5 Replies Latest reply: May 23, 2007 8:10 PM by Simon Greener RSS

    Oracle Spatial Performance with 10-20.000 users

    Pat
      Does anyone have any experience when Oracle Spatial is used with say 20.000 concurrent users. I am not interested in MapViewer response time, but lets say there is:
      - an app using 800 different tables each having an sdo_geometry column
      - the app is configured with different tables visible on different view scales
      - let's say an average of 40-50 tables is visible at any given time
      - some tables will have only a few records, while other can hold millions.
      - there is no client side caching
      - clients can zoom in/out pan.

      Anwers I am interested in:
      - What sort of server would be required
      - How can Oracle serve all that data (each Refresh renders the map and retrieves the data over the wire as there is no client side caching).
      - What sort of network infrastructure would be required.
      - Can clients connect to different servers and hence use load balancing or does Oracle have an automatic mechanism for that?

      Thanks in advance,

      Patrick
        • 1. Re: Oracle Spatial Performance with 10-20.000 users
          Luiz Soares
          Hi,

          My application use 500 different tables each having sdo_geometry column. 50 tables has millions records, we use Autodesk Mapguide 6.5 and have just 40 concurrent users.

          We are facing some performance problem, but just with our web server (Tomcat) and with Mapguide. Oracle Spatial is always stable.

          Best regards,

          Luiz
          • 2. Re: Oracle Spatial Performance with 10-20.000 users
            23154
            Spatial is very resource intensive, both CPU and Disk (lots of random I/O), especially when large tables (> 1M records) and especially when the queries are likely to return a lot of data (not very selective).

            It seems that spatial queries use the spatial index to do first pass checks relatively quickly, but then retrieve the data records one at a time via rowid, which can be expensive (forces random I/O) if lots of rows must be returned.
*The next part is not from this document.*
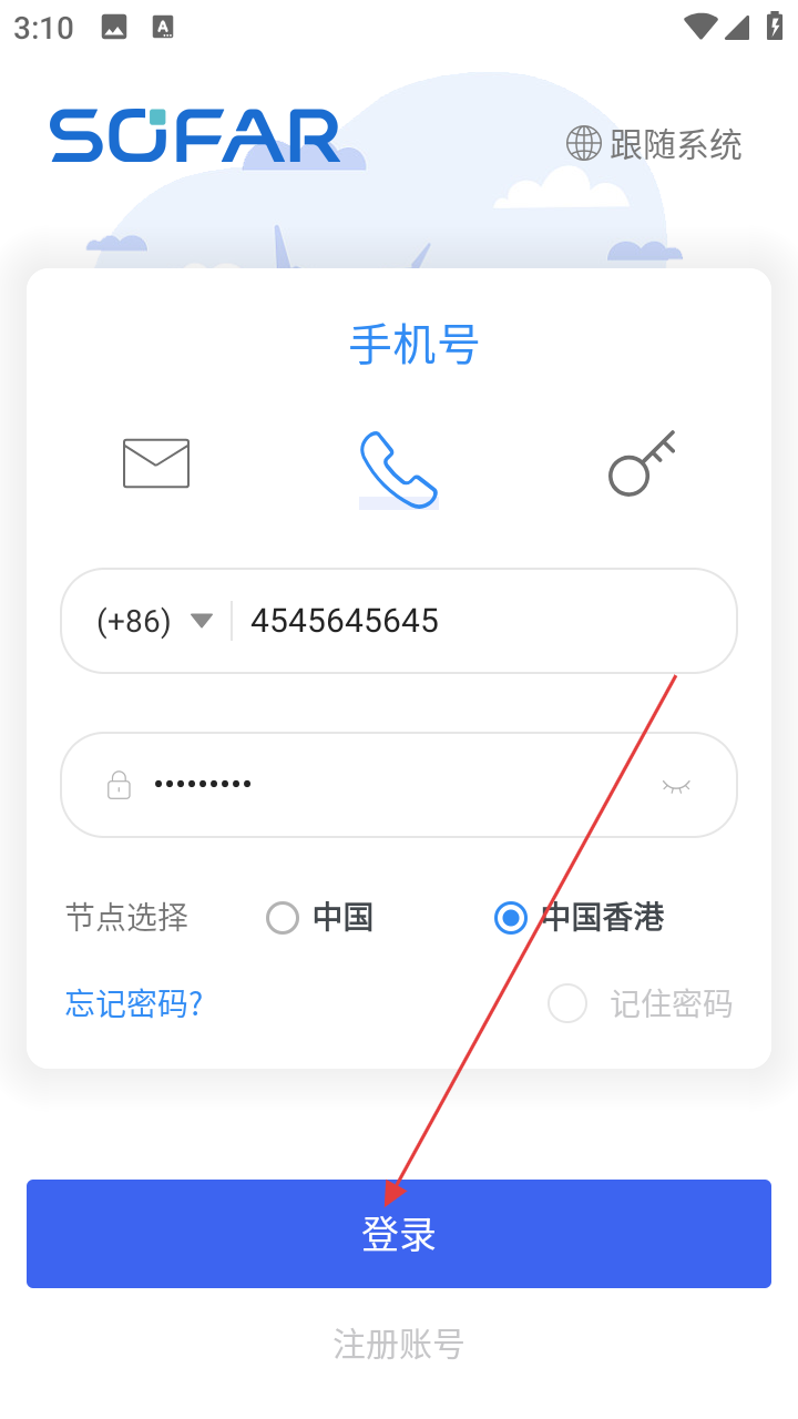 4、填好手机号和密码,确认节点后点击【登录】按钮完成操作。
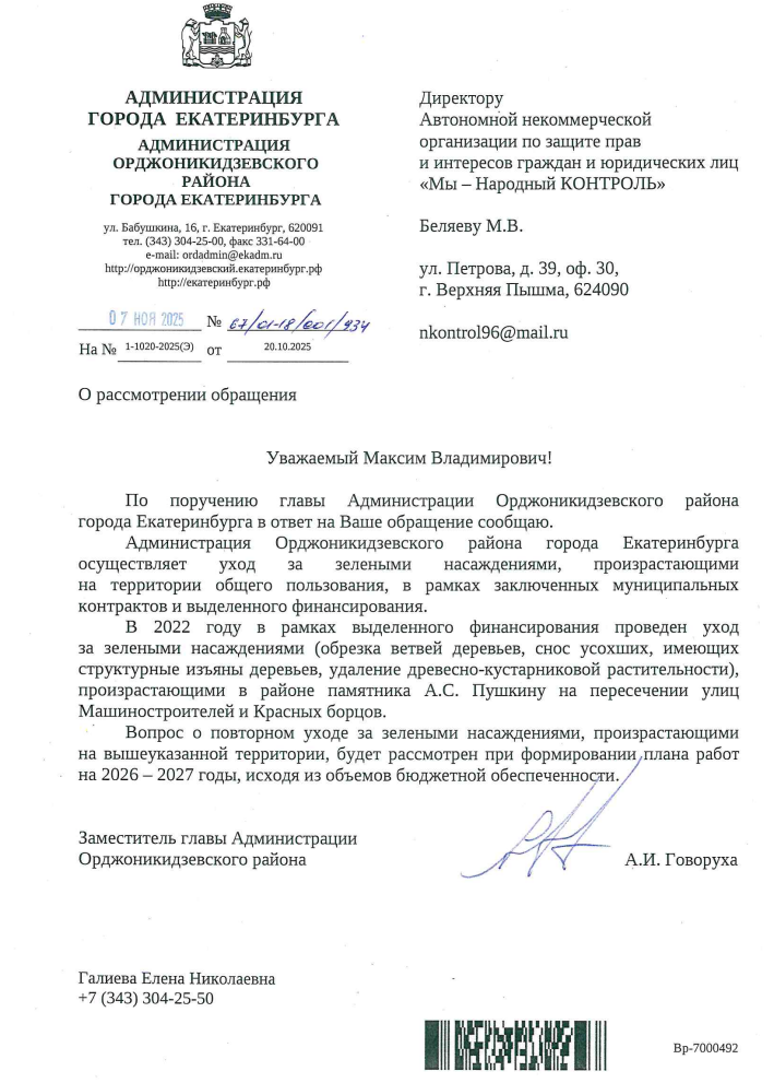 На обращение был получен ответ от администрации Орджоникидзевского района города Екатеринбурга.

The exact behavior probably depends on what functions are being used.

            My app has lots of data but few users and performance is a major issue, but for the most part is usable for our purpose.

            I'd suggest doing some tests, and determining how your your app behaves under load.

            You can probably go to RAC to distribute CPU loads, but random I/O is a bit harder to deal with if it is a bottleneck.

            --Peter                                                                                                                                                                                                                                                                                                                                                                                                                                                                                                                                                                                                                                                                                                                                                                                                                                                                                                                                                                                                                                                                                                                                                                                                                                                                                                                                                                                                                                                                                                                                                                                                                                                                                                                                                                                       
            • 3. Re: Oracle Spatial Performance with 10-20.000 users
              510467
              re: -1

              You might want to check out the Pro Oracle Spatial Book by Ravi Korhuri and Albert Godfrind.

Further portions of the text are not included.